YOUR GOAL
For the records below, please print exactly and only the lines from the one with "Figure 2. Example" down to the one with "Refreshed pick-up drop-off", both ends included, omitting the pictures.

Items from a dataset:

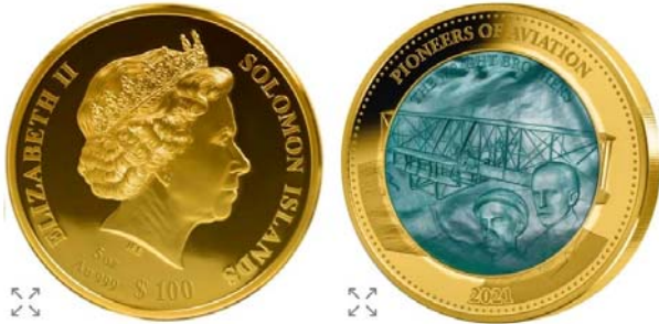
A 2021 $100 gold coin from the Solomon Islands

This year 2021, the Solomon Islands issued a 25 and 100 Dollar Pioneers of Aviation coin is that is part Mother of Pearl, one in gold and one in Silver. Both feature Elizabeth II on the front and Orville and Wilbur with their Wright Glider on the reverse. The silver coin weighs 155.5 grams and is 65mm in size and the silver is .999. Only 750 were minted. The 100 Dollar gold coin is quite a coin to look at. Same weight and size as the silver coin, it is .999 Gold. One site I saw listed it for $15,999 US. According to Numista.com, there were only 25 made.
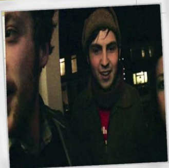
BBC Norfolk Music Video Festival, 29th June - 11th July: 'Your Elbow'.
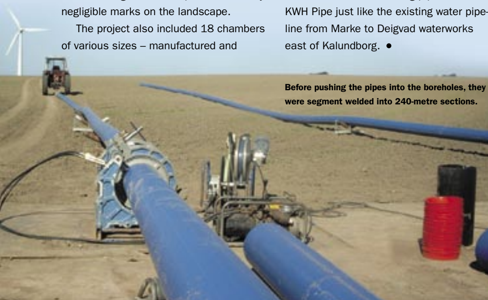
Before pushing the pipes into the boreholes, they were segment welded into 240-metre sections.

The new water pipeline from Langerød waterworks was built using pipes from KWH Pipe just like the existing water pipeline from Marke to Deigvad waterworks east of Kalundborg. ●
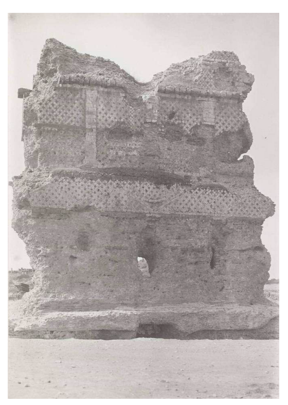
Figure 11.7 The mausoleum of Emesa. Its destruction by the city government in 1911, part of a systematic demolition of the city's identity, resulted in a great loss to the history of Homs.

But Homsis have had little chance to learn about this. "Emesa" and "Julia Domna" were no more than names of local cafés. Today, not much happens in the city. Its economic activity is slow in comparison to that of Damascus and Aleppo, its features are not interesting, and its history is little in evidence. Yet, none of this made sense: the city's location is central, its weather is mild and refreshing, its fields are wide and fertile, and its crops are abundant, as is its history. So why does the city seem to be in constant decline? The answer is multilayered, but the way in which the local government has administered the city's heritage may provide a clue.
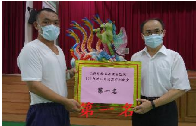
The Champion of Men's Group
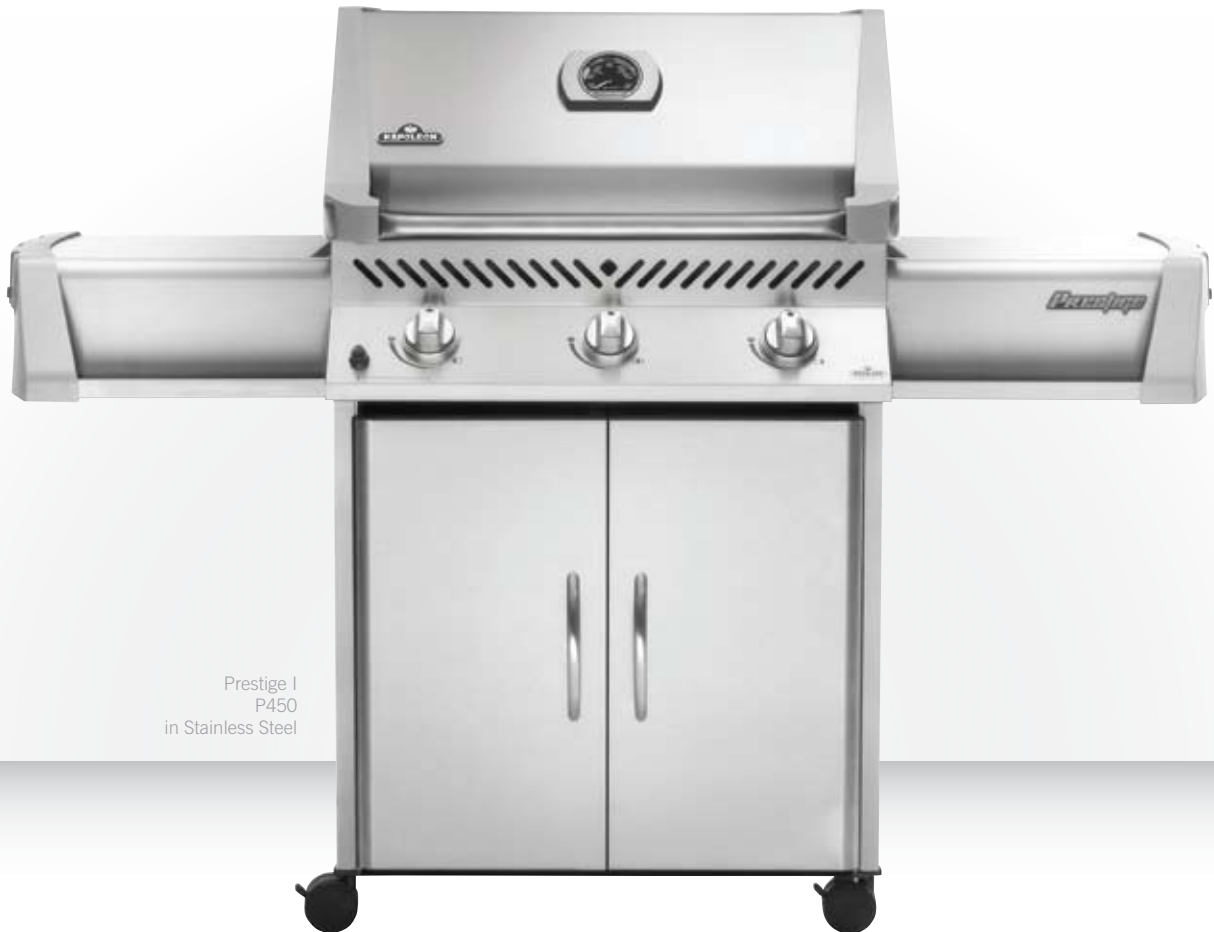
Prestige I P450 in Stainless Steel
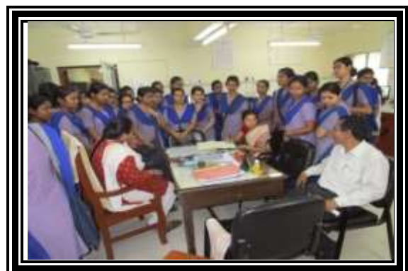
Visit of Nursing Students
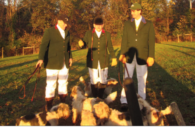
Aldie-hounds in kennels.
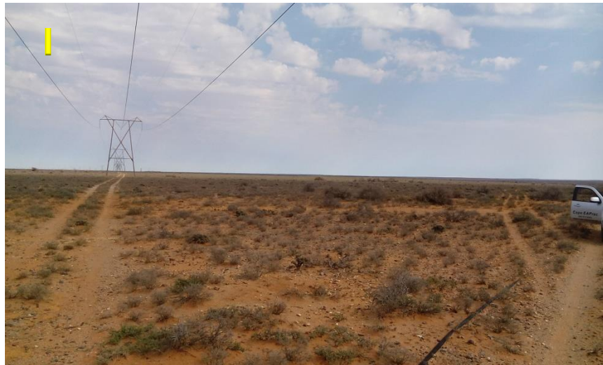
Photo G: South south western view showing the transmission lines running south west to Kronos substation.

Photo H: Western view of the study site.
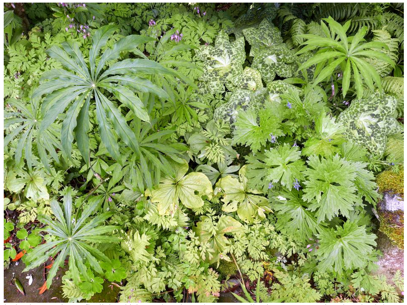
High cloud cover gives a flat light which greatly reduces the contrast allowing us to appreciate the mixed shape, form and texture of the greenery which includes Aconitum, Aquilegia, Arisaema, Dicentra, Podophyllum, Trillium and ferns.
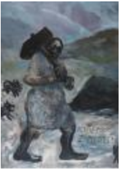
Woman with a Hammer
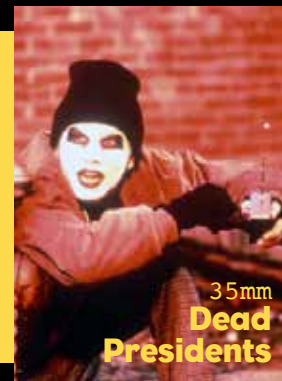
35mm Dead Presidents
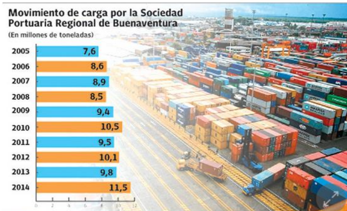
Figure 3. Cargo movement by the Regional Port Society of Buenaventura
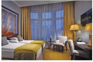
Art Deco Imperial Hotel | Prague, Czech Republic
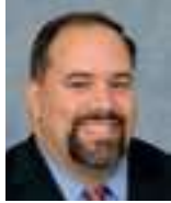
Senator Jim Ananich D—FLINT
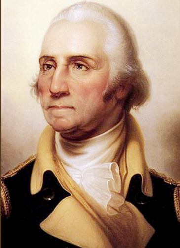
General George Washington

“No people can be bound to acknowledge and adore the invisible hand which conducts the affairs of men more than the people of the United States. Every step by which they have advanced to an independent nation has been distinguished by some token of Providential agency.”
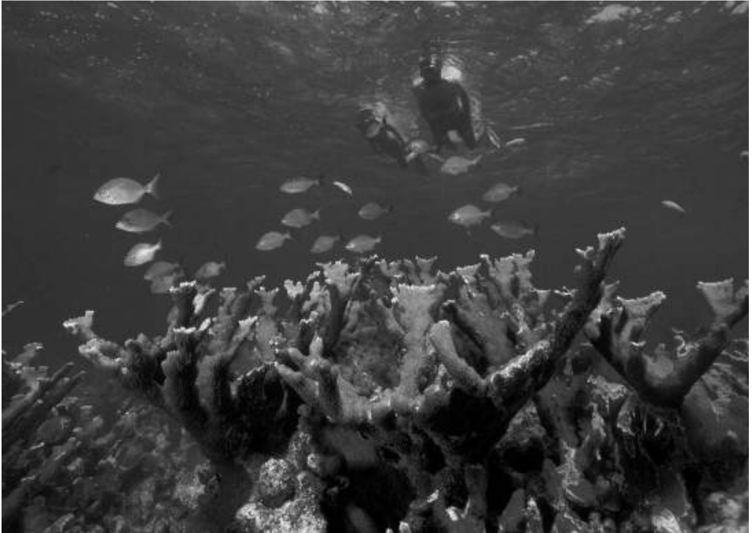
Eagle Shoals, St. John, US Virgin Islands
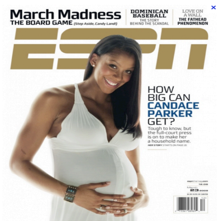
Candace Parker: Spring 2009
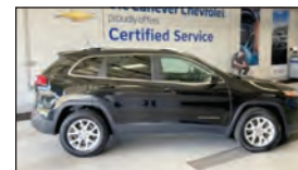
2017 JEEP CHEROKEE LATITUDE Stk#1313576B..... $15,500
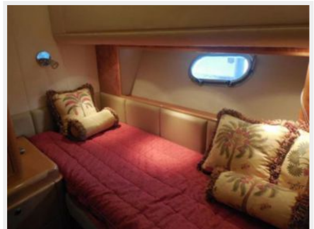
Twin Bunk Stateroom
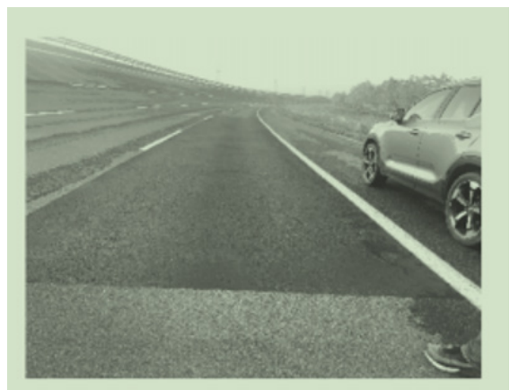
Figure 2: Photo after preventive maintenance
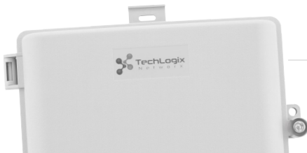
PERSONALIZE Custom Laser Engraving Your logo and information

Experience the ultimate in fiber connectivity with TheNID™ with Reel , featuring a preloaded rotating slack storage reel and versatile cable entry system. Eliminate in-field splicing, reduce installation time, and ensure reliable performance in any environment.
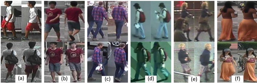
Fig. 4. Example cross-view matched image/tracker pairs from (a) CUHK03, (b) Market-1501, (c) DukeMTMC, (d) PRID2011, (e) iLIDS-VID, (f) MARS.

Datasets. To evaluate the proposed TAUDL model, we tested both video (MARS [59], iLIDS-Video [50], PRID2011 [19]) and image (CUHK03 [29], Market-1501 [60], DukeMTMC [41,61]) based person re-id benchmarking datasets. In previous studies, these datasets were mostly evaluated separately. We consider since recent large sized image based re-id datasets were typically constructed by sampling person bounding boxes from video, these image datasets share similar characteristics of those video based datasets. We adopted the standard person re-id setting on training/test ID split and the test protocols (Table 1).
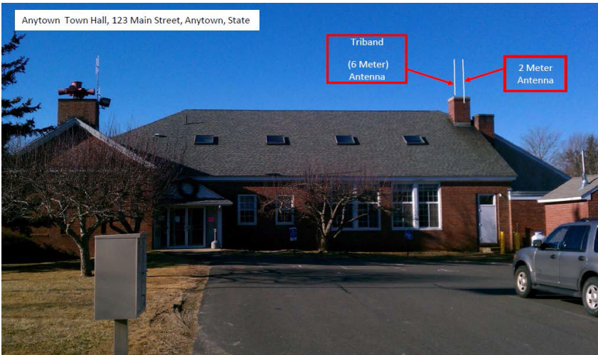
Figure 2. Example of ground-level photograph showing proposed attachment of new equipment.

Ground-level photographs. The ground-level photograph in Figure 2 supplements the aerial photograph in Figure 1, above. Combined, they provide a clear understanding of the scope of the project. This photograph has the name and address of the project site, and uses graphics to illustrate where equipment will be installed.
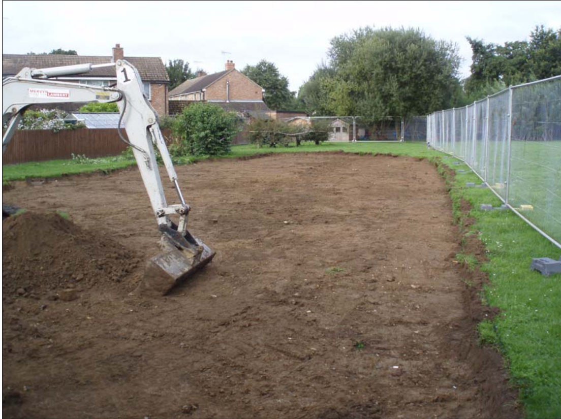
Plate 1: Area A Top soil strip
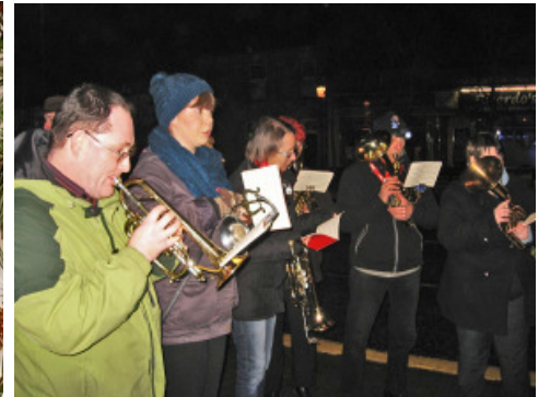
Lanchester Brass Band who complement the choir so well.
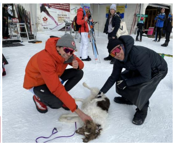
Waiting for the spa paw wax treatment from the club wax team
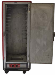
Electric hot box (small) 175.00
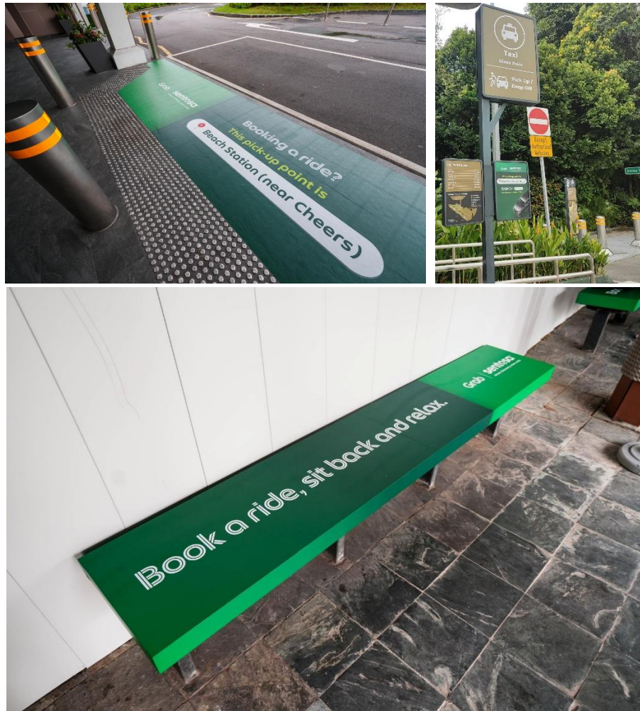
Refreshed pick-up drop-off points for Grab services

All PUDO points have been optimised to minimise walking distances and are marked with prominent signages clearly displaying the exact location. This ensures that users can easily and accurately input the right PUDO locations in the Grab app. Additionally, the Grab app provides clear instructions with supporting images to guide guests to their nearest pick-up points, enhancing the overall convenience and experience for users.
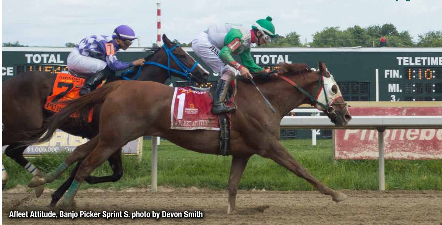
Afleet Attitude, Banjo Picker Sprint S.
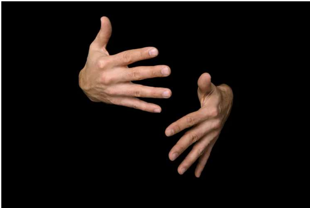
A lack of understanding of British Sign Language among prison staff carries the danger of treating signing as problematic.

It's also common for imprisoned people to use social interaction and engagement with other prisoners to make prison life more manageable. Yet a lack of access to hearing aids can also lead deaf prisoners to withdraw.
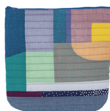
Zipper Bag (yellow) Shot cotton, cotton batting, cotton/linen blend, polyester thread, notions 20.5cm×20cm
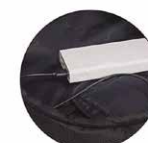
Connect Your Own Power Bank Inside
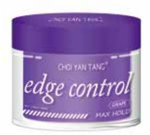
Edge Control Gel Grape Volume: 75g/100g
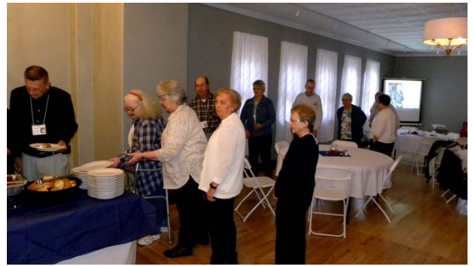
We have just started going through the food line. Lakeview did a great job of catering food for our reunion!
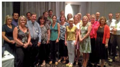
Staff attending the Leading Better Patient Outcomes Day held in Coffs Harbour.

Therefore, it is important that we make our input into the development of the State Health Plan, so we give ourselves the opportunity to influence the directions and priorities it sets.
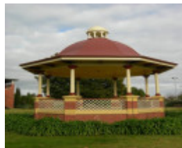
1772_Benalla_Botanic_garden: 1772_Benalla_Botanic_garden: 1772_Benalla_Botanic_garden:
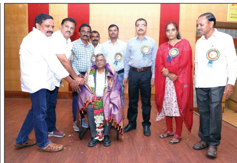
Non-Gazetted Officers Association
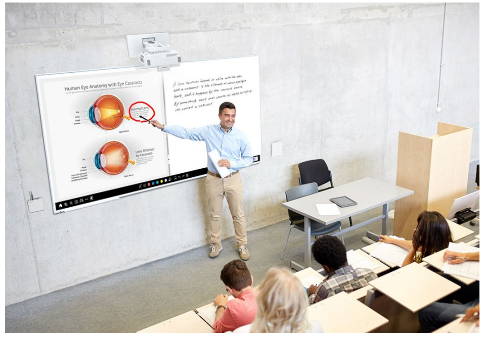
All projected images simulated.

Epson<sup>®</sup> PowerLite lamp-free laser displays are laser focused on education. With select models offering a larger-than-life image size up to 16x larger than 75" flat panel displays*, these innovative laser displays make it easy to share bright, eye-catching images that keep students engaged from nearly anywhere in the room. And, they support convenient sharing and collaboration with built-in wireless and Miracast<sup>®**</sup>.
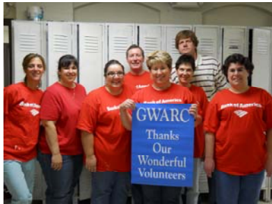
Day 1: the lockers are primed
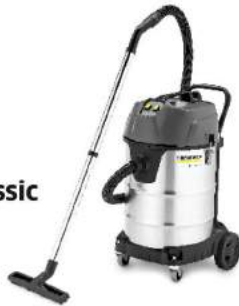
NT 70/2 Me Classic
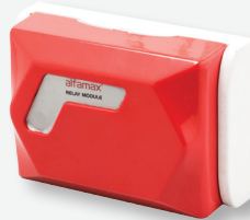
I-1054 Isolator Module be used after each 20 detectors Isolates a designated area

REPLY TO THE EXERCISE
Figure 2. Example of ground-level photograph showing proposed attachment of new equipment.

Ground-level photographs. The ground-level photograph in Figure 2 supplements the aerial photograph in Figure 1, above. Combined, they provide a clear understanding of the scope of the project. This photograph has the name and address of the project site, and uses graphics to illustrate where equipment will be installed.
Plate 1: Area A Top soil strip
Lanchester Brass Band who complement the choir so well.
Waiting for the spa paw wax treatment from the club wax team
Electric hot box (small) 175.00
Refreshed pick-up drop-off points for Grab services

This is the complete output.